GPU  0 Profile ID  9 Placements: {0,4}:4
GPU  0 Profile ID  5 Placement : {0}:4
GPU  0 Profile ID  0 Placement : {0}:8

Because of memory and SM isolation, MIG instances operate independently from each other and the workload on one instance does not impact the performance of the others, which allows for QoS guarantees for MIG-backed applications. There are, however, two exceptions to these guarantees: the MIG instances share the GPU’s PCIe® bus and power resources. So, workloads dependent on host-to-device or device-to-host transfer performance can interfere with each other when running on MIG instances of a single GPU. And so can highly compute intensive applications that push the electrical power available to a GPU card to its limits. We discuss these effects later in this article.

What are vGPUs?

NVIDIA vGPU is a feature implemented in driver software that allows access to a single NVIDIA GPU from multiple virtual machines. This is a step up above the PCIe pass-through mode of GPU virtualization, in which the entire GPU is assigned to a single VM. Indeed, vGPUs use the Single Root I/O Virtualization (SR-IOV) functions to allow secure access to time-sliced or partitioned GPU resources.
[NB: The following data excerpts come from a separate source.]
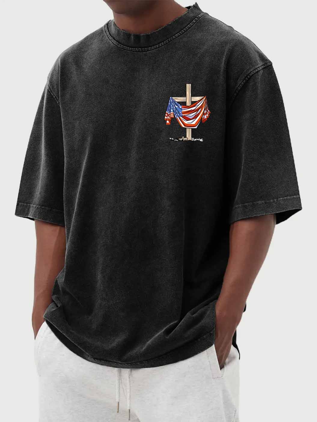 Men's Vintage Washed Flag Print Short Sleeve T-Shirt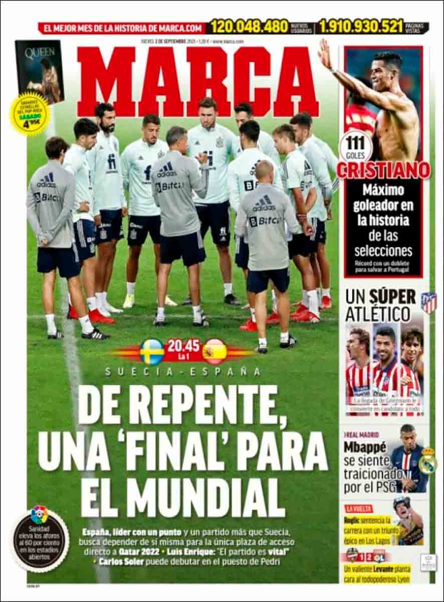 Marca se centra en el presente, y el hoy es un maldito partido de la selección española. Al parecer es una «final» para el mundial, para el mundial de Catar 2022. Todo está relacionado. Un mundial organizado sobre el soborno de su elección y sobre numerosas vidas humanas perdidas en la construcción de las infraestructuras necesarias que han sido convenientemente tapadas por el propio Catar con esa exposición de estrellas llamada PSG.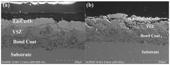 Cross-section morphologies of the failed thermal barrier coatings: (a) LC/YSZ, and (b) LGC/YSZ.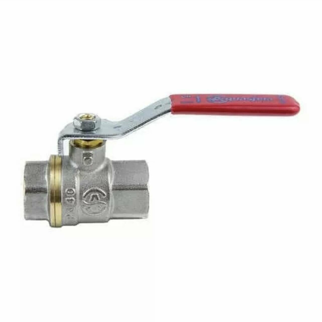 Кран шаровой латунь никель 1001 Euro Ду 25 Ру25 ВР полнопроходной рычаг красный Aquasfera 1001-03 .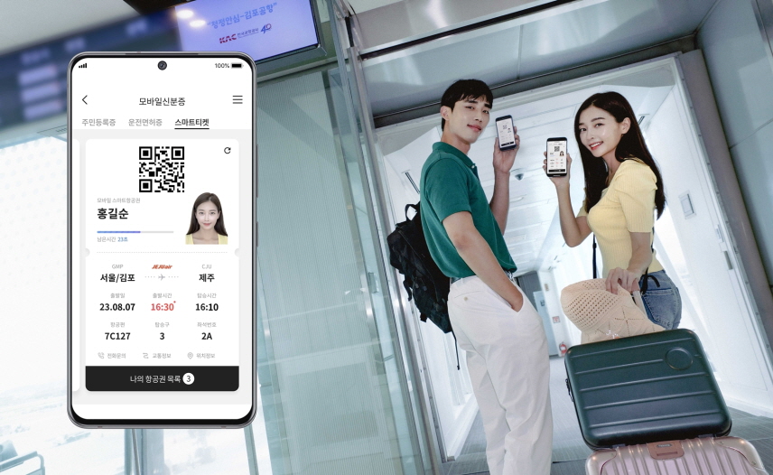 ‘PASS스마트항공권’은 PASS 모바일신분증(주민등록증 모바일 확인서비스, 모바일운전면허 확인서비스)과 국내선 탑승권을 결합해, PASS 앱 내에서 QR코드를 생성하고, 비행기 탑승 과정에서 이를 제시하고 인증하는 방식이다.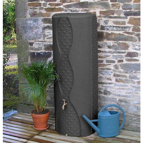 Recuperadores de água da chuva 100% em polietileno de alta densidade de 750 L, fáceis de instalar e utilizar. Tingimento desde o interior e com tratamento contra os raios UV, sem desenvolvimento de algas. A sua forma cilíndrica reduz a ocupação de espaço no solo e permite uma capacidade máxima. Perfeito para espaços verdes, estaleiros, oficinas ou edifícios industriais. Design elegante, para colocação num terraço.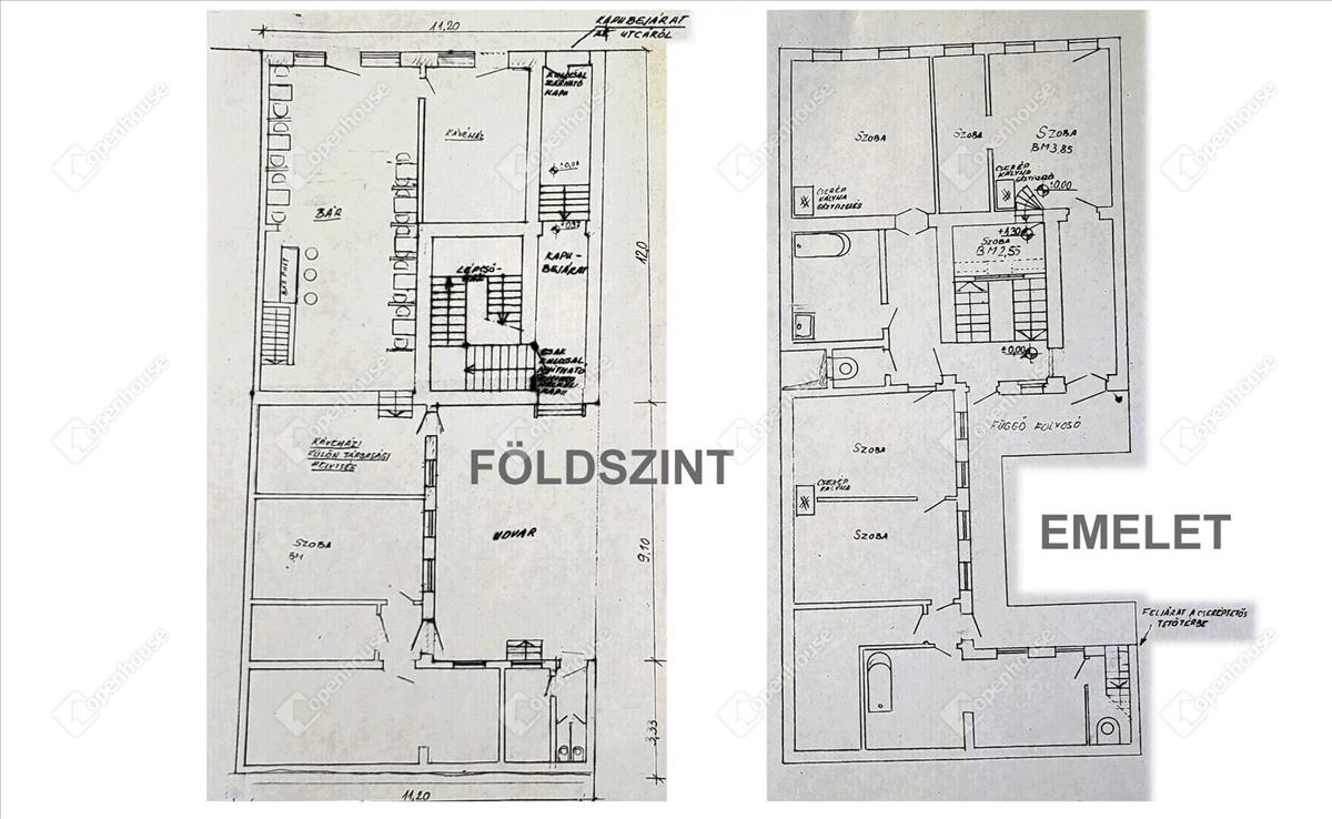 - 14 Szoba illetve különböző funkciójú helyiség található két szinten, az emeleti lakrészek nagypolgári stílusban épültek a századfordulón

The vGPU technology is helpful to cloud service providers and on-premise GPU infrastructures alike, as it allows them to offer shared access to a GPU to independent users, each with their own environment and applications.

To enable vGPUs on a virtual host, the administrator must install host-side vGPU drivers on the hypervisor machine, configure VMs with access to specific vGPUs, and install guest-side vGPU drivers in the VMs.

NVIDIA vGPU software requires a special license. The license for the vGPU software is available as a standalone subscription and as a part of the NVIDIA AI Enterprise (NVAIE) software suite.

Time-Sliced vGPUs

Most NVIDIA GPUs support the time-sliced vGPU mode. In this mode, each vGPU receives a dedicated share of the physical GPU memory (frame buffer) and has access to all SMs and media engines on the GPU.

When multiple time-sliced vGPUs run processes at the same time, the vGPU driver stack performs context switching between them according to the policies specified by the administrator. As a result, if there is only one active tenant, this tenant can utilize the entire GPU; if there are multiple active tenants, they share the GPU’s compute performance. Work for a specific vGPU gets scheduled 480 or 960 times per second, depending on the number of vGPUs configured on the physical GPU.

MIG-Backed vGPUs

MIG-capable NVIDIA GPUs allow MIG-backed vGPUs, which is an alternative approach to time-sliced vGPUs. In this mode, each vGPU receives a dedicated share of the physical GPU memory and a dedicated share of the SMs (and media engines, if applicable).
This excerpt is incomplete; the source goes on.